Лицо Маленького Джона просветлело:
- Мы могли бы использовать его на земляных работах.
- Мы не занимаемся земляными работами, - возразил Локсли.
- Так можем взять парочку подрядов. Шериф, вроде, городские стены в этом году укреплять собрался... - оживился Джон, но тут же сник под испепеляющим взглядом атамана.
Вилл понял, что пора брать судьбу в собственные руки:
- Я предлагаю меня отпустить.
- Чего это? - хмуро спросил Маленький Джон
- Дядя мой, скорее всего, скоро помрет, я разбогатею, поеду через ваш лес, и вы меня снова ограбите. Пожалейте старика, он же меня в последний раз на моих крестинах видел.
Все выжидающе уставились на Робина. Наконец, тот улыбнулся:
- Мы отпустим тебя. Но попозже. Пару недель твой дядюшка сможет подождать?
- Думаю, да, - облегченно выдохнул Статли.
- Тогда пой.
- Что?
- Куртуазные песни. Ты обещал!
Вилл снова засмущался:
- Не могу без аккомпанементу.
Роб устало вздохнул:
- Как мне со всеми вами тяжело... - и послал за инструментом.
Соревнования лучников проводились на той же специально оборудованной площадке, где, в случае приезда венценосной особы, устраивались не так давно вошедшие в моду рыцарские турниры. Такие зрелища (естественно, по причине уже высокого травматизма) неизменно пользовались успехом как среди знати, так и у простолюдинов, погрязших во тьме мрачного средневековья, поэтому для удобства зрителей побогаче были сооружены скамьи в несколько ярусов. Те, кто попроще, просто толпились возле ограждения. Была и правительственная ложа, где сегодня разместились сэр Ральф в окружении прекрасных дам (двух) и приглашенный из вежливости, раз уж приперся, отец настоятель. Шериф нервно покусывал ноготь большого пальца - он очень переживал, что Робин и правда обиделся в прошлый раз из-за вывихнутой лодыжки, а без него смотреть было особо не на кого. Леди Мэрион и леди Ровена, разряженные в пух и прах, вертелись во все стороны, надеясь распознать в толпе разбойника, с той же целью сверху вниз оглядывал собравшихся сидящий верхом на лошади Гисборн, хотя и знал, что в этом нет необходимости - нужно просто хватать победителя. Казалось бы, все вышеперечисленные особы должны знать предводителя Шервудских негодяев в лицо, но Робин, помимо прочих своих талантов, отличался умением маскироваться, - так, в прошлый раз он переоделся девицей, целомудренно скрывающей лицо под покрывалом, и, если бы он не расчувствовался и не начал благодарить шерифа, все бы подумали, что в этот раз Локсли струсил и не явился. Собственно, он и ногу подвернул из-за того, что с непривычки запутался в платье. Поэтому сэр Гай приглядывался и к девицам, шеренгой выстроившимся вдоль ограждения, - в этом году победитель, повинуясь очередному модному поветрию, должен был выбрать Королеву любви и красоты. Или Короля, в случае победы какой-нибудь дамочки.

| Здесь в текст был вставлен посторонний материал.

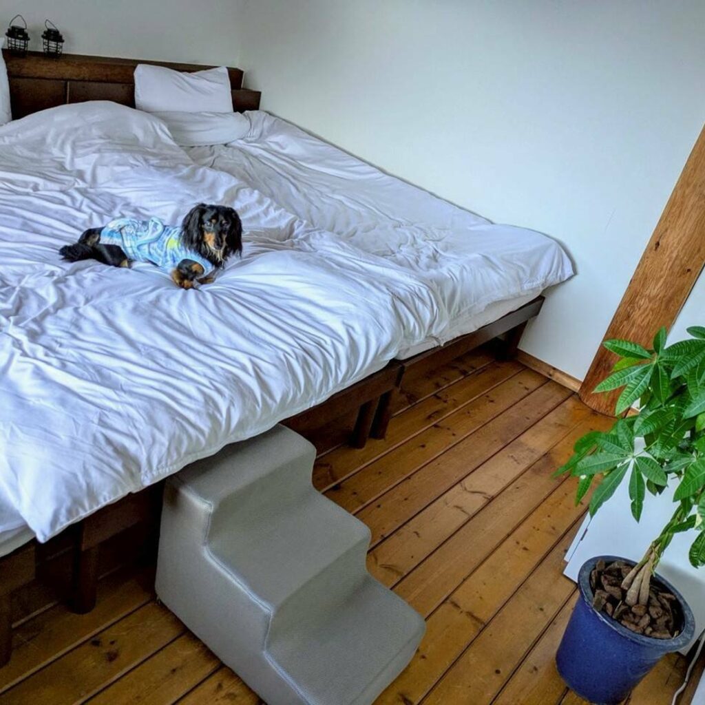 メインベッドルームはセミダブルベッドが2台、シングル1台がありワンちゃんと一緒にお休みいただけます。工夫次第で1世帯様がお使いいただけます。

В участниках недостатка не было - после первого, провалившегося, турнира сэр Ральф распорядился выделять по золотой монете из бюджета графства всем им. Каждый последующий круг удваивал гарантированное вознаграждение, и фермерские сынки упорно тренировались на своих задних дворах в желании разбогатеть на халяву. К счастью, у шерифа хватило ума ввести отборочные, иначе в стрельбище участвовало бы все население графства поголовно.
Не станем утомлять читателя описанием попыток попасть в мишень с разного расстояния, скажем только, что с самого начала определились два фаворита: пилигрим в хламиде с капюшоном, подвязанной веревкой, из-под которой виднелись удивительно щегольские для бедного паломника сапоги, и шотландец в длинной юбке, заросший рыжей бородой по самые глаза. Оба упорно хранили молчание, не ответив даже на вопрос о собственном имени. Пилигрим ткнул пальцем в небо, и распорядитель истолковал этот жест как намек на данный во славу Господа обет молчания, а горец просто свирепо оскалился и сказал "Гы!", из чего распорядитель заключил, что тот не знает английского - дикие люди, что с них взять!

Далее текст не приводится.